* Exercise *
Only the lines from the one holding "# plot title" through the end of the records below are to be reproduced exactly, and pictures are to be omitted.

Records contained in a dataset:

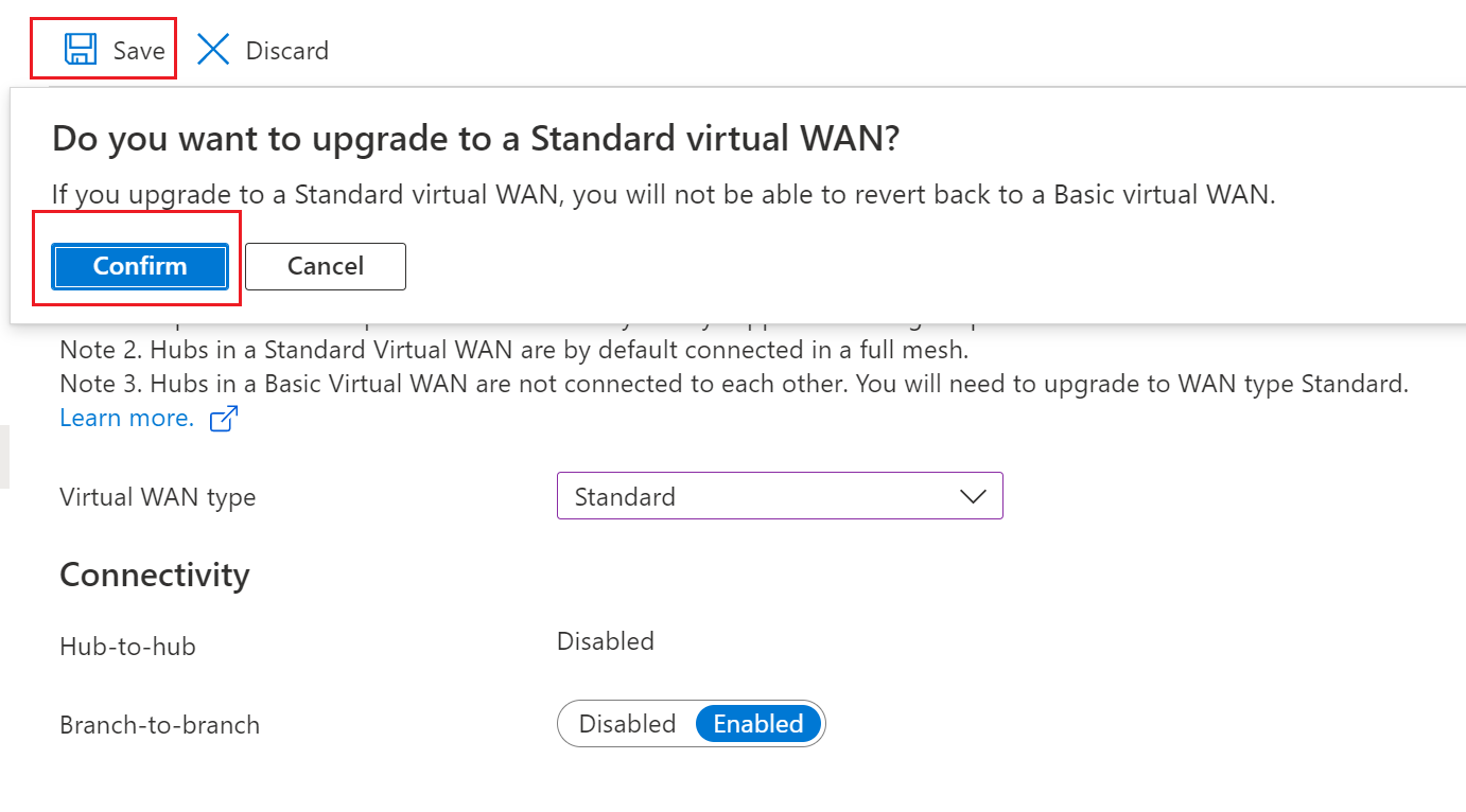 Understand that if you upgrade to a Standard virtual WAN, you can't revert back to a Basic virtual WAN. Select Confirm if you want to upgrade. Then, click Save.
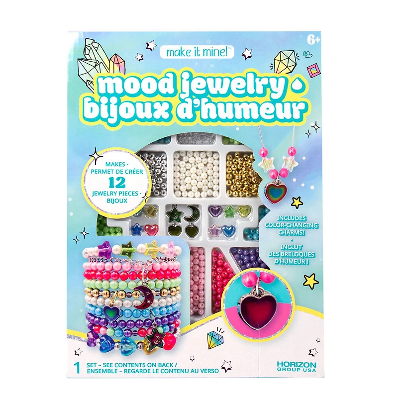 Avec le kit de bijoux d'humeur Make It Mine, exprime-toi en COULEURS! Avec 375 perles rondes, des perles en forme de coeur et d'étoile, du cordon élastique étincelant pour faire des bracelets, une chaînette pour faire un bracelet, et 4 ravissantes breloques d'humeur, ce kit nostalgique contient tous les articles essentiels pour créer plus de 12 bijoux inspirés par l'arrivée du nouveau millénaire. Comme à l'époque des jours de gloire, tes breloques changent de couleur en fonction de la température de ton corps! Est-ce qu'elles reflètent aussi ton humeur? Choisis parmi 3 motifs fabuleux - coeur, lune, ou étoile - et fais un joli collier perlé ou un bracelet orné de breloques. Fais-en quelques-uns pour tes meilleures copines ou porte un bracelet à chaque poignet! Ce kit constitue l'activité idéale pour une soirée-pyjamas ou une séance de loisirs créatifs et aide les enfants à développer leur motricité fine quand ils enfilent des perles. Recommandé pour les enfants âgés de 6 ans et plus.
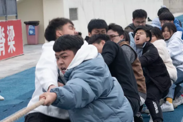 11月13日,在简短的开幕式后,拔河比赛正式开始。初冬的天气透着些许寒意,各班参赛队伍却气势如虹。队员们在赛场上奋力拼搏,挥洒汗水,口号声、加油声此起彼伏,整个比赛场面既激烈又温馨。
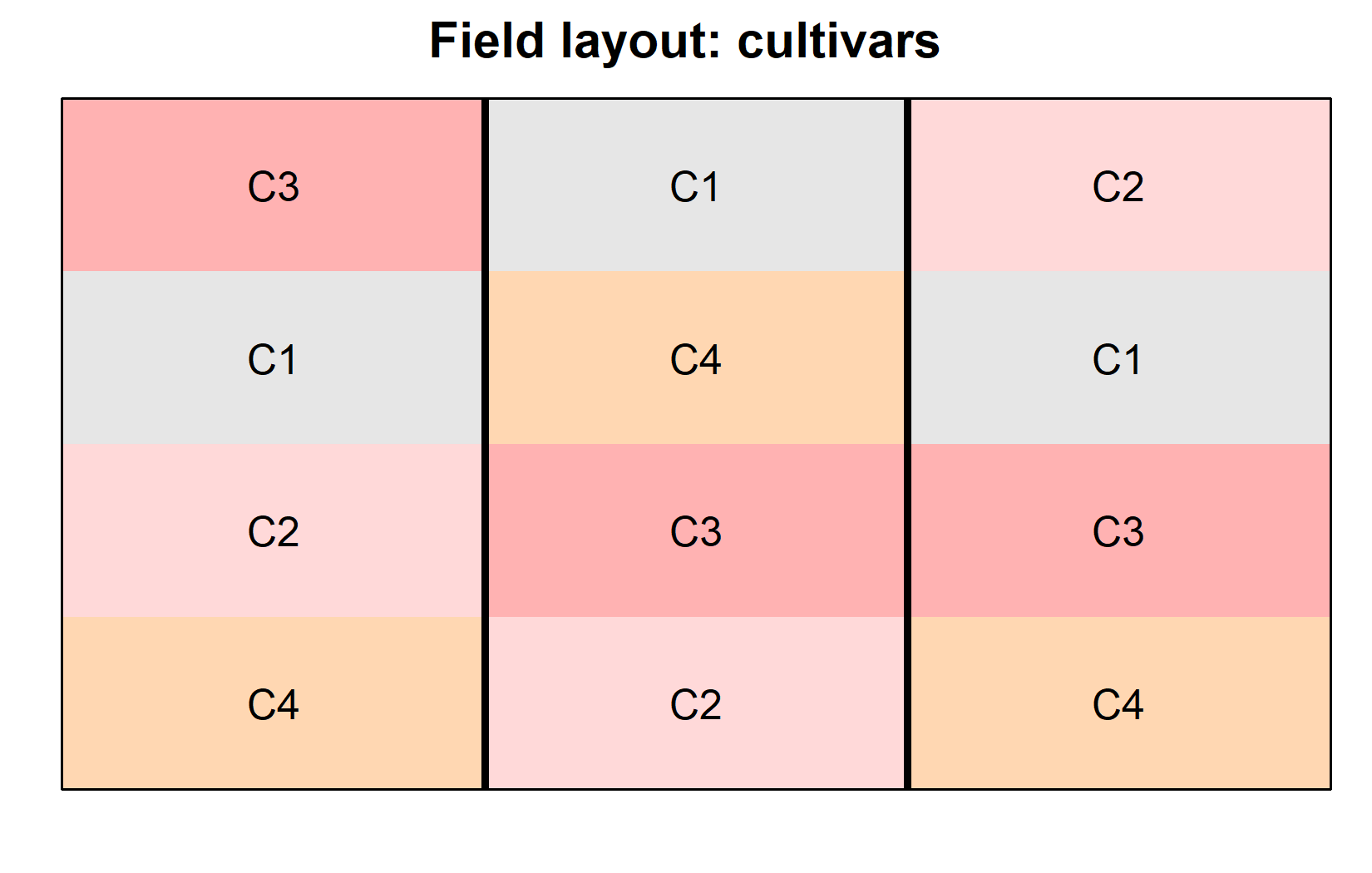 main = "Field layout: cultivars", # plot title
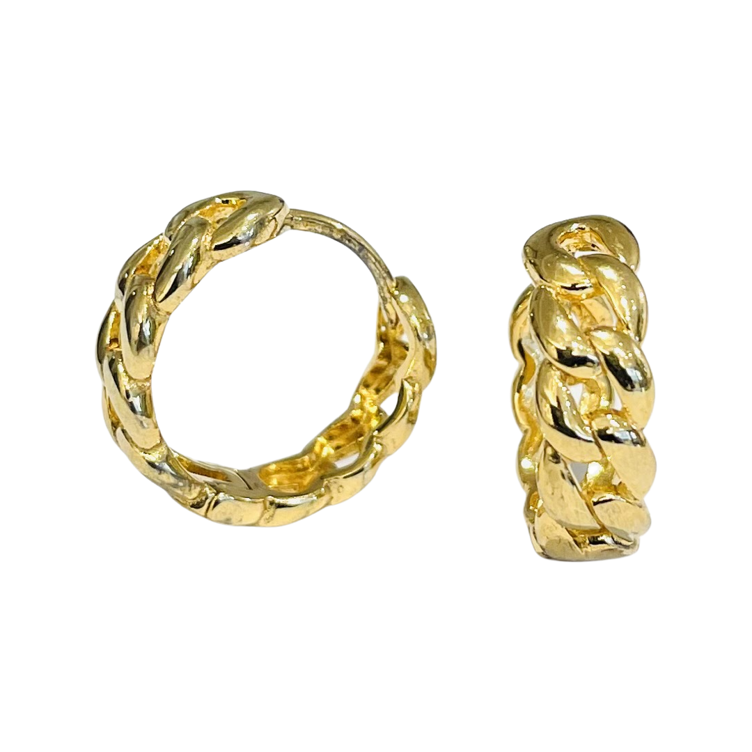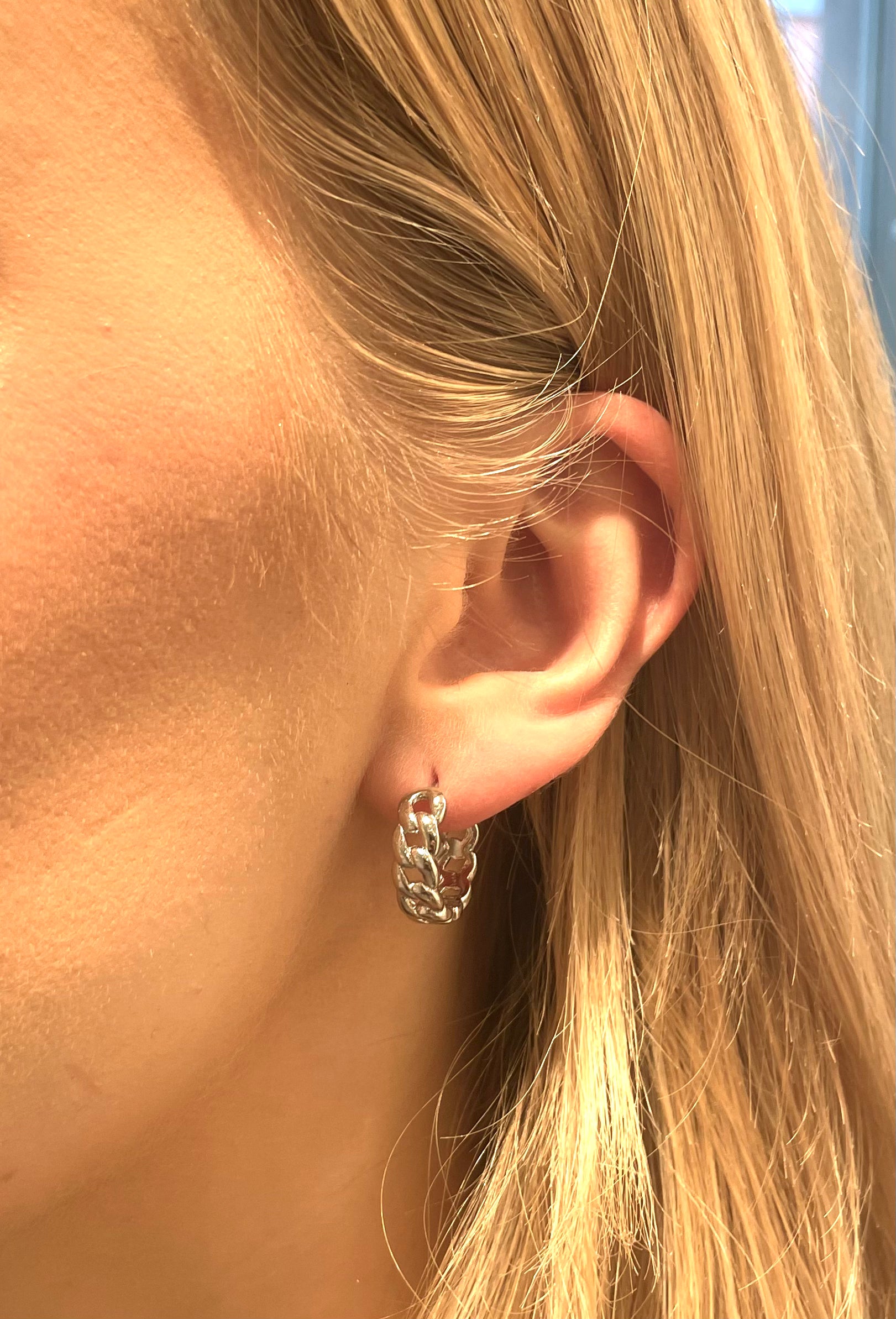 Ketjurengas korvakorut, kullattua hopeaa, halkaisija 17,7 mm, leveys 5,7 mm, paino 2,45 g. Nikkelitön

* Your response *
 main = "Field layout: cultivars", # plot title
 Ketjurengas korvakorut, kullattua hopeaa, halkaisija 17,7 mm, leveys 5,7 mm, paino 2,45 g. Nikkelitön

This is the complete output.